## EXTRACTED RECORDS

══════════════════════════════

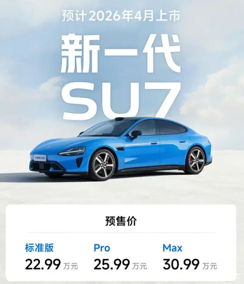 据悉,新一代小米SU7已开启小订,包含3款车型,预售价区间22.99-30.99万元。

══════════════════════════════

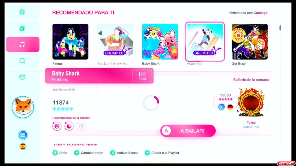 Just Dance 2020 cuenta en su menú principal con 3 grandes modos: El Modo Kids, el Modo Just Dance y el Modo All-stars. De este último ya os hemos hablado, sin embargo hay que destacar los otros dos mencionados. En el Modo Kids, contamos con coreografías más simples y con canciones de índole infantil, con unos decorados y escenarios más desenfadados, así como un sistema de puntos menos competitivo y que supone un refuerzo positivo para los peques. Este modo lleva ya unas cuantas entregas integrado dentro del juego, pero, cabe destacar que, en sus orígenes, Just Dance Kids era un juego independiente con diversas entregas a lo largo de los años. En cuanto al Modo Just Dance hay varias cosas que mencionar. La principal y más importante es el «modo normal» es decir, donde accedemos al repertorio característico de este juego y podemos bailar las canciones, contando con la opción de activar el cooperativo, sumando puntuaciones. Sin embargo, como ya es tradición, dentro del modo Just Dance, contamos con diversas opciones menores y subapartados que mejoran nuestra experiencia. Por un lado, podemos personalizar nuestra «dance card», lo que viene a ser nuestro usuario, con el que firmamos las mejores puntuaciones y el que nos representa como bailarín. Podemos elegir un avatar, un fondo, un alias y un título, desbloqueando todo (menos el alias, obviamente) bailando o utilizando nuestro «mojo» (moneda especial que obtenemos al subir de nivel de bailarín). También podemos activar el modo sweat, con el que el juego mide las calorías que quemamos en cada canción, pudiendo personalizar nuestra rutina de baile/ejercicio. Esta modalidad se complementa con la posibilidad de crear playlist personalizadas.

══════════════════════════════

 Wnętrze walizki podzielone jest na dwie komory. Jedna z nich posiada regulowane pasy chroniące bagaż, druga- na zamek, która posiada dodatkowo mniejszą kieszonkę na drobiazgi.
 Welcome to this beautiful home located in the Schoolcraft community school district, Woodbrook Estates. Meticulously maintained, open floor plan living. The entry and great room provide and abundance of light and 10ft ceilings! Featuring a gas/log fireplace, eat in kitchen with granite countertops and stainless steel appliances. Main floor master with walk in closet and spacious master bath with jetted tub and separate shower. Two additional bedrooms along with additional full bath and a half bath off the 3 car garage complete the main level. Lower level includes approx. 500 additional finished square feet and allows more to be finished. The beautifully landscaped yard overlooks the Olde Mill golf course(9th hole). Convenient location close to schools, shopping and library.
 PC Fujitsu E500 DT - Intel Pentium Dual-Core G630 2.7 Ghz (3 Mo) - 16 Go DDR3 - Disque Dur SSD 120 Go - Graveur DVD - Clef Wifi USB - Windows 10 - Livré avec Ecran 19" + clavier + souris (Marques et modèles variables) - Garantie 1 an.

══════════════════════════════

## WHAT IS NEEDED
Retype the entries above exactly, but only from the line containing "Wnętrze walizki podzielone" through the line containing "PC Fujitsu E500", both included.

## RESULT OF THIS TASK
 Wnętrze walizki podzielone jest na dwie komory. Jedna z nich posiada regulowane pasy chroniące bagaż, druga- na zamek, która posiada dodatkowo mniejszą kieszonkę na drobiazgi.
 Welcome to this beautiful home located in the Schoolcraft community school district, Woodbrook Estates. Meticulously maintained, open floor plan living. The entry and great room provide and abundance of light and 10ft ceilings! Featuring a gas/log fireplace, eat in kitchen with granite countertops and stainless steel appliances. Main floor master with walk in closet and spacious master bath with jetted tub and separate shower. Two additional bedrooms along with additional full bath and a half bath off the 3 car garage complete the main level. Lower level includes approx. 500 additional finished square feet and allows more to be finished. The beautifully landscaped yard overlooks the Olde Mill golf course(9th hole). Convenient location close to schools, shopping and library.
 PC Fujitsu E500 DT - Intel Pentium Dual-Core G630 2.7 Ghz (3 Mo) - 16 Go DDR3 - Disque Dur SSD 120 Go - Graveur DVD - Clef Wifi USB - Windows 10 - Livré avec Ecran 19" + clavier + souris (Marques et modèles variables) - Garantie 1 an.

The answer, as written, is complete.